Faut-il réduire les déficits publics ? (1/4)

Avant de répondre à la question, une présentation de la situation…

Déficits publics : une introduction

La crise et les plans pour en sortir ont ravivé les inquiétudes au sujet des déficits publics. Manuel Valls a promis 50 milliards de baisse de dépenses pour parvenir à réduire ces déficits. Les critères de convergence de l’UE –pacte de stabilité, PSC– imposent un déficit inférieur à 3% du PIB, et une dette publique à 60%. Dans ce contexte on peut se demander s’il est pertinent de réduire les déficits publics.

Les déficits publics sont ceux des administrations publiques (APU), terme qui regroupe l’Etat, les collectivités locales et les organismes de sécurité sociale. On parle de déficit quand les dépenses sont supérieures aux recettes, c’est-à-dire quand le solde budgétaire est négatif. Les recettes des APU proviennent à 90% des prélèvements obligatoires. Le premier poste de recettes sont les cotisations sociales (35%), suivies par les impôts sur la production et les importations (principalement TVA, 30%), et enfin les impôts sur le revenu et le patrimoine (20%). Quant aux dépenses, le premier poste sont les dépenses de redistribution (reversées directement aux ménages, notamment via le système assurantiel français) à hauteur de 35%, le second poste (20%) représentant la rémunération des salariés qui travaillent pour l’Etat (fonctionnaires ou non, dont plus de la moitié pour la santé et l’éducation). A titre indicatif, en 2011 les dépenses totales des APU étaient de 1211 milliards d’euros, excédent les recettes de 248 milliards.

Les recettes des APU sont ponctionnées sur la conjoncture : quand la croissance est forte, de nombreux revenus sont distribués, les salaires augmentent, la consommation aussi, ce qui fait d’autant plus de revenus pour les APU (TVA, cotisations sociales, impôt sur le revenu, etc.). C’est évidemment l’inverse en temps de crise. Les dépenses, de même, sont en partie liées à la conjoncture : en temps de crise, elles s’accroissent automatiquement (hausse des allocations chômages, des dépenses sociales, etc.).

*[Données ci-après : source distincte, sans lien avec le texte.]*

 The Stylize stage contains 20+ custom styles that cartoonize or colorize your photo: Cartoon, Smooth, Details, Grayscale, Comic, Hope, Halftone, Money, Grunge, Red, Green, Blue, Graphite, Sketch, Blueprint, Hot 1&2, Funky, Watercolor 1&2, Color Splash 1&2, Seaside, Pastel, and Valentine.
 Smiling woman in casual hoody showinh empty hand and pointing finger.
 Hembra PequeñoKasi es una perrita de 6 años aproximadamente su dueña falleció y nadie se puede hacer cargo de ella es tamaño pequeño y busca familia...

On distingue alors, dans le solde budgétaire, le solde structurel et le solde conjoncturel (le solde budgétaire est égal à la somme du solde structurel et du solde conjoncturel). Le solde structurel est le solde qui résulte des choix de politiques économiques des gouvernements au pouvoir. Le solde conjoncturel dépend de la conjoncture, c’est-à-dire du taux de croissance économique, ou plus précisément de l’écart entre la croissance effective et la croissance potentielle (déterminée, pour simplifier, par le taux de croissance de la population active et celui de la productivité du travail). En pratique, comme les choix du gouvernement au pouvoir ont aussi des effets sur la croissance économique, distinguer le solde structurel du solde conjoncturel n’a rien d’évident.

Plus aisée est la distinction entre solde primaire et solde secondaire. Comme le solde inclut aussi les intérêts versés au titre des emprunts passés, on distingue en effet le solde primaire, qui est le solde budgétaire hors intérêts de la dette, et le solde secondaire, intérêts inclus.

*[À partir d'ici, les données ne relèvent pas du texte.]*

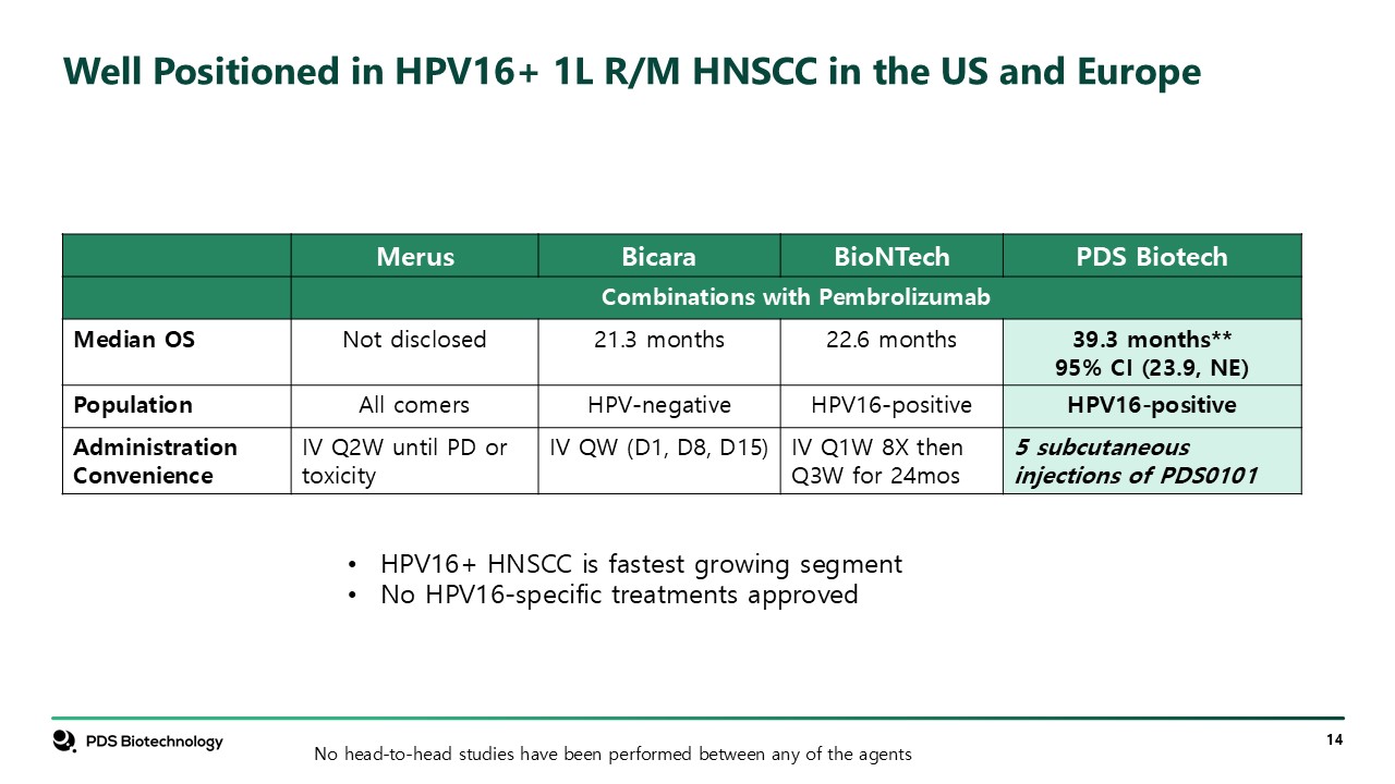 Well Positioned in HPV16+ 1L R/M HNSCC in the US and Europe  Merus  Bicara  BioNTech  PDS Biotech  Combinations with Pembrolizumab  Median OS  Not disclosed  21.3 months  22.6 months  39.3 months**  95% CI (23.9, NE)  Population   All comers  HPV-negative  HPV16-positive  HPV16-positive  Administration Convenience  IV Q2W until PD or toxicity  IV QW (D1, D8, D15)  IV Q1W 8X then Q3W for 24mos  5 subcutaneous injections of PDS0101  No head-to-head studies have been performed between any of the agents  HPV16+ HNSCC is fastest growing segment   No HPV16-specific treatments approved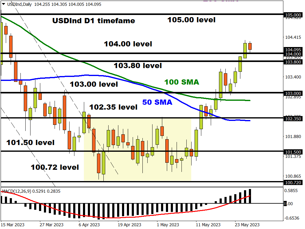 - If a deal is reached before Yellen’s deadline, this could come as a major relief to global financial markets and boost buying sentiment towards the USD. Such an outcome may push the US Dollar Index to levels not seen since early March 2023 at 105.00.
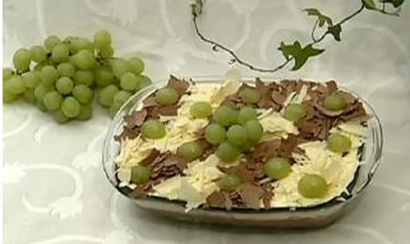 Então, faça a montagem do prato. Disponha a bolacha doce no fundo da travessa. Coloque a uva cortada ao meio em volta para não rolar no prato. Jogue o chocolate meio amargo por cima. Encerre com a camada branca. Leve o prato para a geladeira por uma hora. Pode-se usar as raspas dos dois chocolates e as uvas para decorar. Fica geladinho e macio.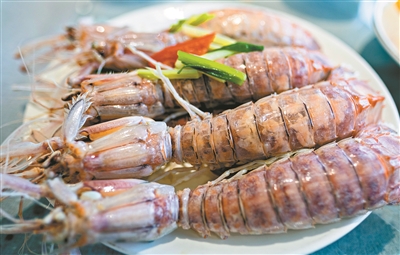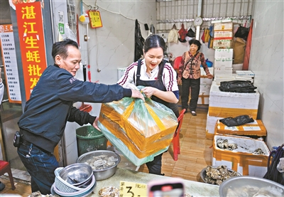 在新记海鲜档口,一位阿叔一眼相中刚开箱的湛江皮皮虾,“一只虾有手掌那么大,脚还在动,很新鲜啊。”阿叔快速挑选了五六只买单。“这些是2两虾,30多元就可以买到这么靓的濑尿虾,以前卖到50多元。”档主梁女士说。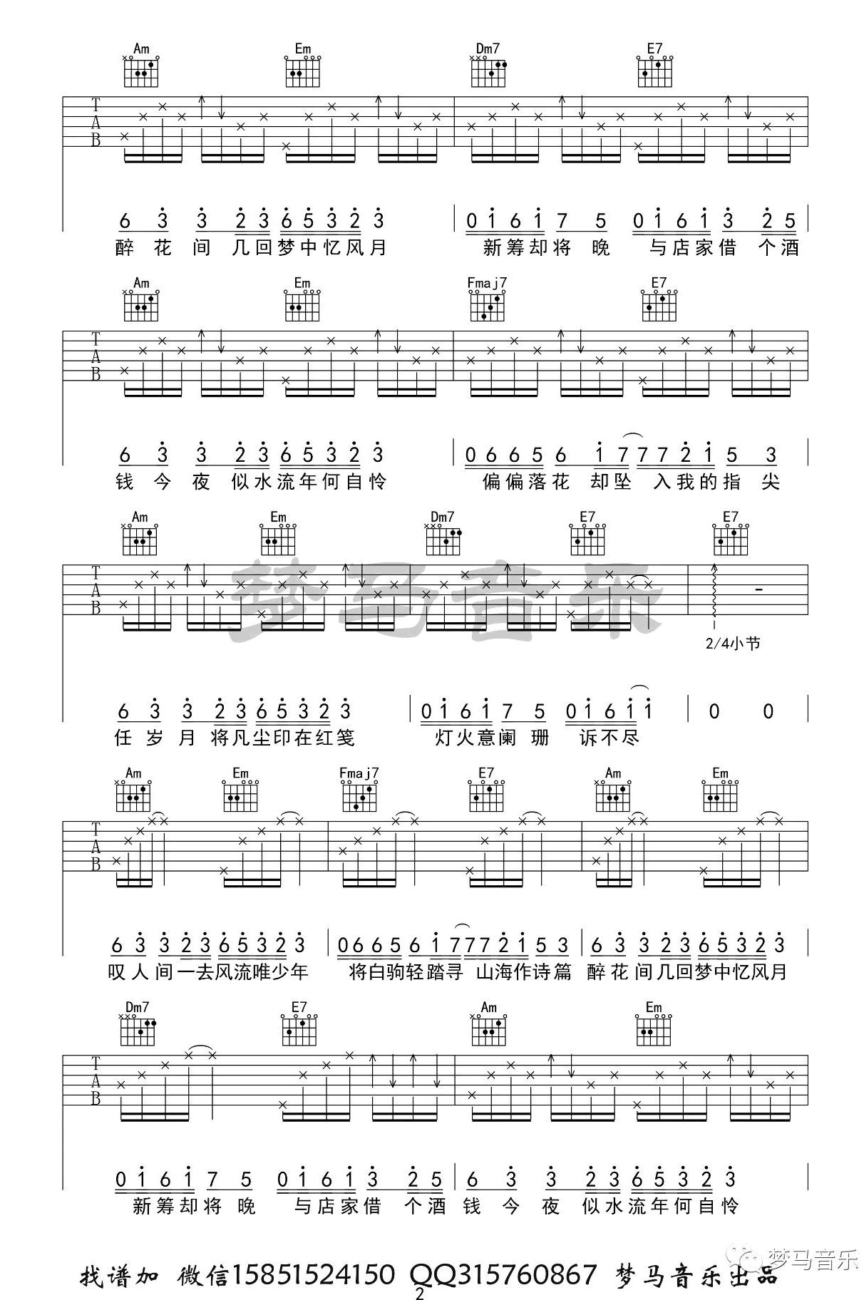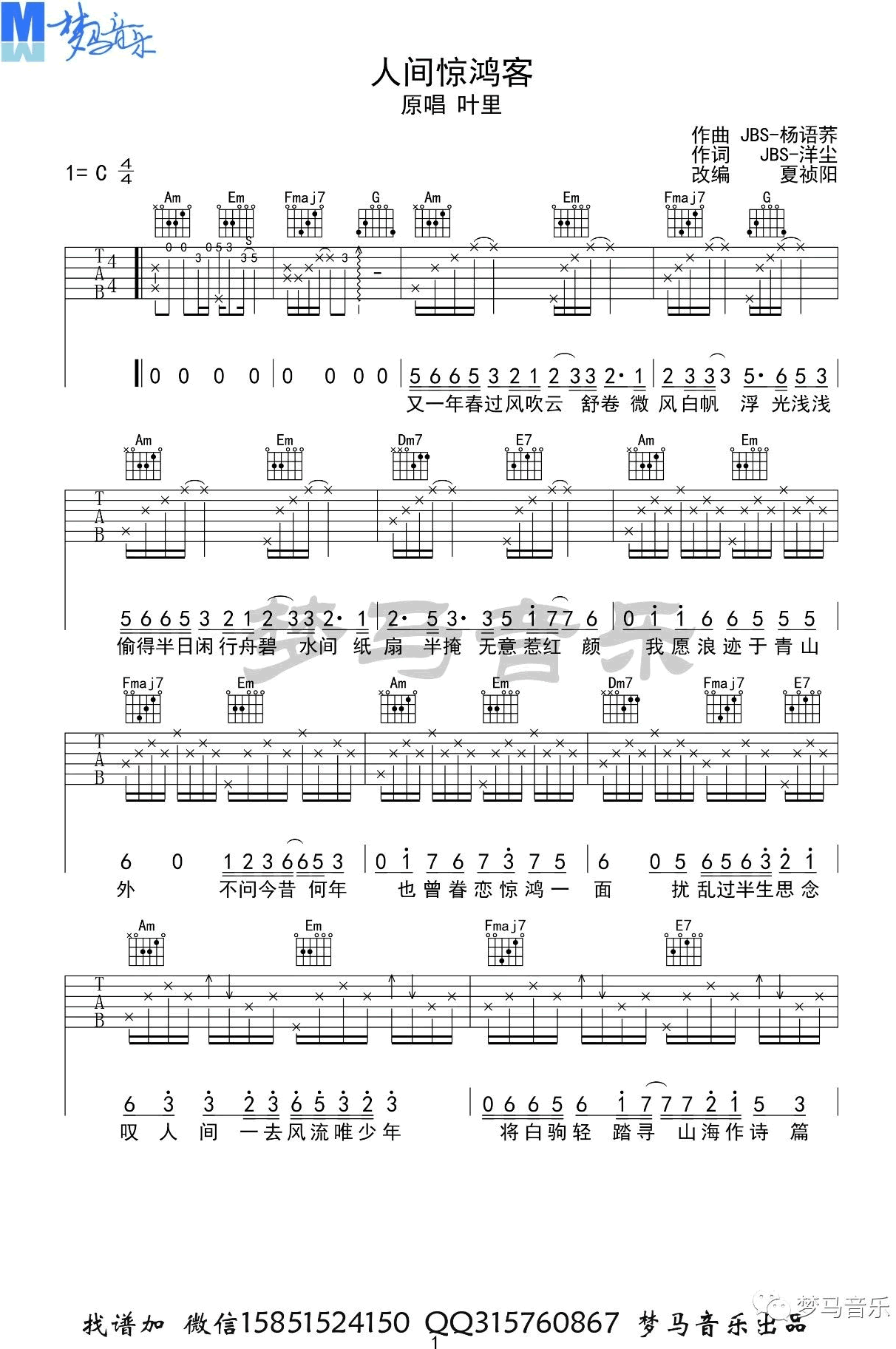 曲谱介绍: 人间惊鸿客吉他谱,叶里演唱,一首好听的古风歌曲,人间惊鸿客六线谱,C调编配,三张图片谱例。梦马音乐制谱分享,琴谱网更新上传。

Pourquoi les déficits publics augmentent

Les APU françaises ont des dépenses supérieures aux recettes depuis 1974. A cette époque, elles avaient dégagé un excédent d’environ 400 millions d’euros. Depuis, elles ont toujours eu des besoins de financement, qui sont réalisés principalement sur les marchés financiers, par émission de titres obligataires (OAT à 5-10 ans le plus souvent).

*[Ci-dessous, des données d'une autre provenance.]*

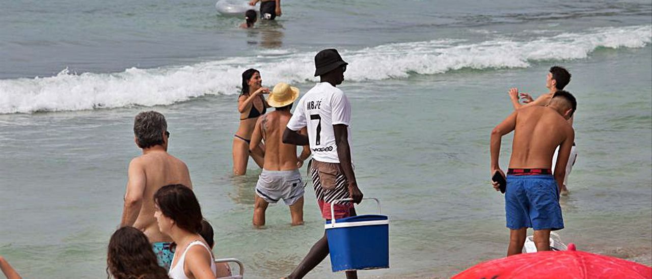 Street vending continues to be a constant on the beach of ses Salines despite the fact that it has decreased slightly since the beginning of the pandemic. The workers of the businesses in this area claim that the police presence is minimal and that the problem is reactivated as soon as the agents leave. Some bathers, on the other hand, admit that they buy from these sellers because of the “prohibitive prices of the beach bars”.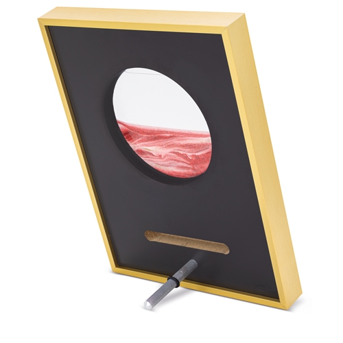 Troféu com estrutura metálica e efeito de areia em movimento. Elegante, dinâmico e único.Cada peça vem numa caixa individual (21 x 26 x 3 cm).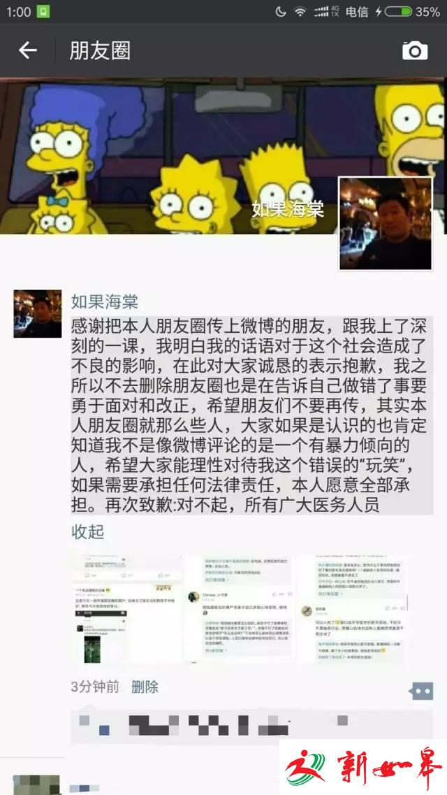 面对网络上铺天盖地的谴责,“杀医”文字发布者在朋友圈发文称:“我哥只是简单的骨科手术,不会死人也不会落下大病。本人发图只是希望得到各位亲友的关注,并且对我哥手术后多点关心和鼓励,并无他意。”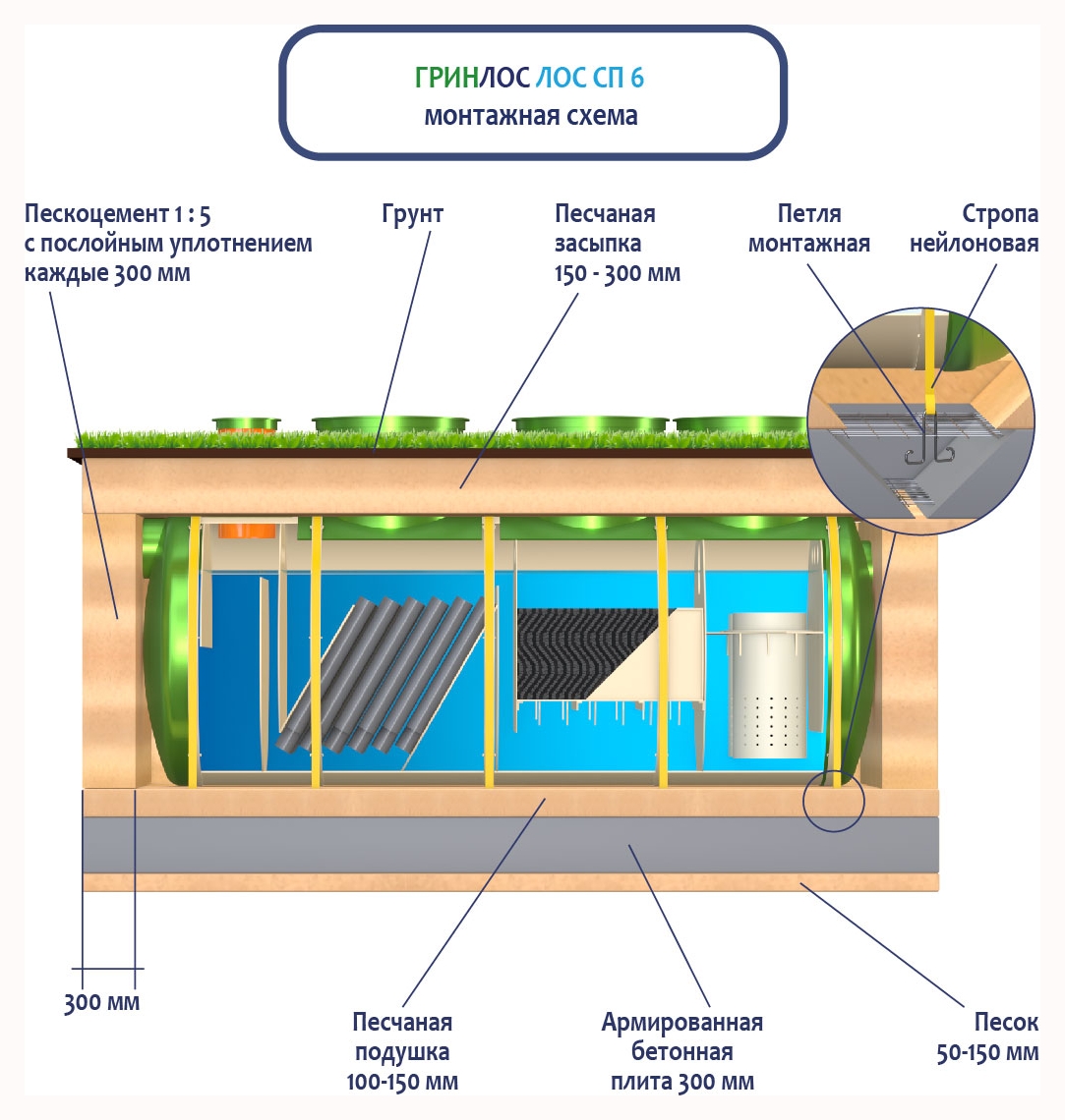 При заглублении ЛОС из стеклопластика на глубину не более 250 мм от верхнего пластикового горизонтального перекрытия до запланированного уровня земли, в однородных грунтах с низким уровнем вод обратную обсыпку допустимо производить песком, смешанным с цементом (марка не ниже М500). Соотношение цемента и песка для обсыпки составляет 1:5. Песчано-цементная засыпка производится послойно, с обязательным трамбованием и проливкой водой каждого слоя. Толщина каждого слоя 300 мм. При условии уровня грунтовых вод выше 1500 мм от уровня земли, при наличии плывуна, скальных грунтов и прочих нестандартных ситуациях, а также в случае заглубления ЛК 6-1500 Сп более чем на 250 мм песчано-цементную смесь необходимо заменить бетоном. Одновременно с засыпкой ливневой канализации, она заполняется водой. Уровень воды должен превышать уровень засыпки (бетонирования) не менее, чем на 200 мм и не более, чем на 500 мм.

Comment expliquer les déficits ? L’accroissement des déficits a une cause conjoncturelle et une cause structurelle. La raison conjoncturelle est le ralentissement de la croissance depuis le double choc pétrolier des années 1970, qui prive l’Etat de recettes fiscales et la Sécurité sociale de cotisations, tandis que les dépenses augmentent (principalement avec l’explosion du chômage, conséquence du ralentissement de la croissance). Avec la crise, les déficits publics français ont bondi de 2,75% (2007) à 7,5% (2010) du PIB, la dette passant dans l’intervalle de 65 à 90% du PIB. Une conjoncture si médiocre rend caduque les conditions sur lesquelles reposent le PSC, c’est-à-dire une croissance nominale de 5%. Avec une croissance annuelle de 5% et un déficit de 3%, la part de la dette dans le PIB se stabilise en effet à 60%.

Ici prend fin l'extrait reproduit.